DATA RECORDS START
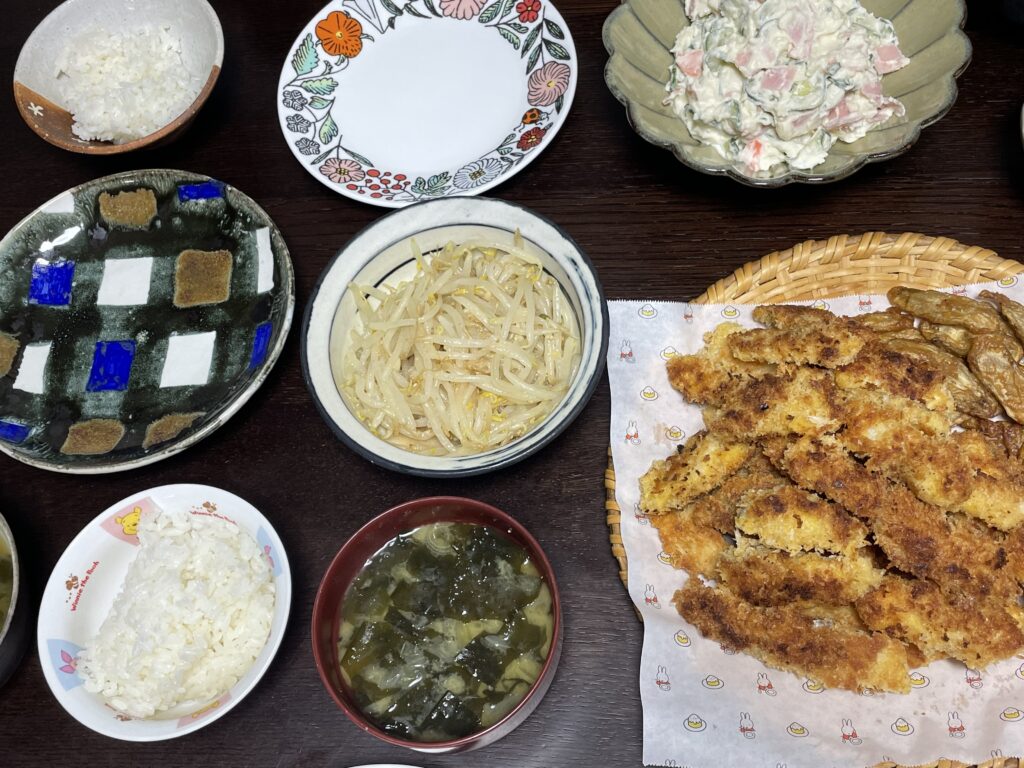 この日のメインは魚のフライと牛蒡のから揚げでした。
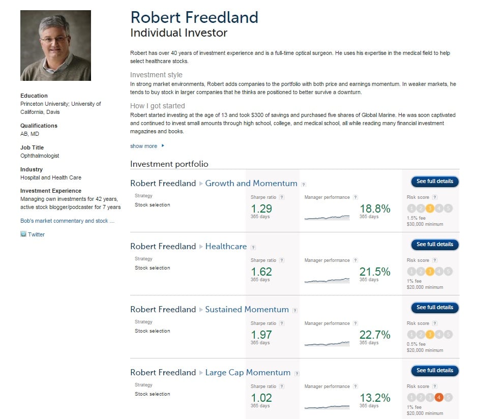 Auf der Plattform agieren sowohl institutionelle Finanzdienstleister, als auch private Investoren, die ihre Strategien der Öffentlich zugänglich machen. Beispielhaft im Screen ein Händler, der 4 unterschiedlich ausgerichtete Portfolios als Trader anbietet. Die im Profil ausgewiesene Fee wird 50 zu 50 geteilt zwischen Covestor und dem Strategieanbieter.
DATA RECORDS END
DATA RECORDS START
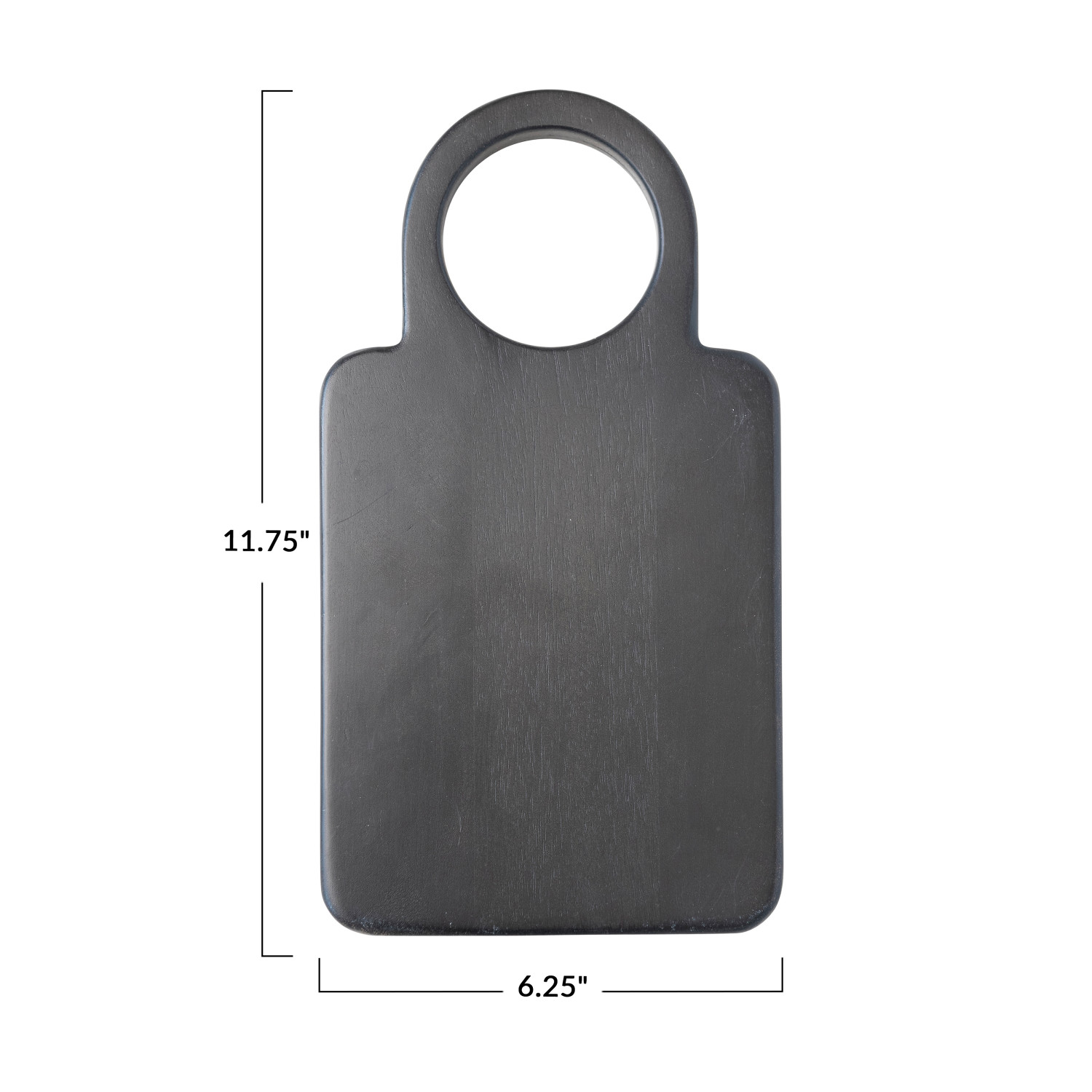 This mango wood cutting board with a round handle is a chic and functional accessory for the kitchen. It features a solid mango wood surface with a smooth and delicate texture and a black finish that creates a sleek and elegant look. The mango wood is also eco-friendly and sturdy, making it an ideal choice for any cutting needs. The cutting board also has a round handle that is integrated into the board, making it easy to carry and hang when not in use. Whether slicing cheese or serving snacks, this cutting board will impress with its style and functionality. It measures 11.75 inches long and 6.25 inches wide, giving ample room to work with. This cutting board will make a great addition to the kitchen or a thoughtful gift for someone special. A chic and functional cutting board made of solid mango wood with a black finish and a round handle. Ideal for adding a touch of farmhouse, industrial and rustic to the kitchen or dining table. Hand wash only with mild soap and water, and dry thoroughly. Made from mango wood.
DATA RECORDS END
DATA RECORDS START
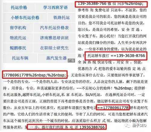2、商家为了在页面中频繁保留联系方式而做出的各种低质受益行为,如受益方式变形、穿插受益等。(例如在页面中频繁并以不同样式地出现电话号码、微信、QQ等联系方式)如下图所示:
DATA RECORDS END
◆ **DIRECTIONS**: In the entries above, find the line with "この日のメインは魚のフライと牛蒡のから揚げでした。" and the line with "Auf der Plattform". Return exactly those lines and all the ones between them, pictures excluded.

◆ **FINISHED TASK**:
 この日のメインは魚のフライと牛蒡のから揚げでした。
 Auf der Plattform agieren sowohl institutionelle Finanzdienstleister, als auch private Investoren, die ihre Strategien der Öffentlich zugänglich machen. Beispielhaft im Screen ein Händler, der 4 unterschiedlich ausgerichtete Portfolios als Trader anbietet. Die im Profil ausgewiesene Fee wird 50 zu 50 geteilt zwischen Covestor und dem Strategieanbieter.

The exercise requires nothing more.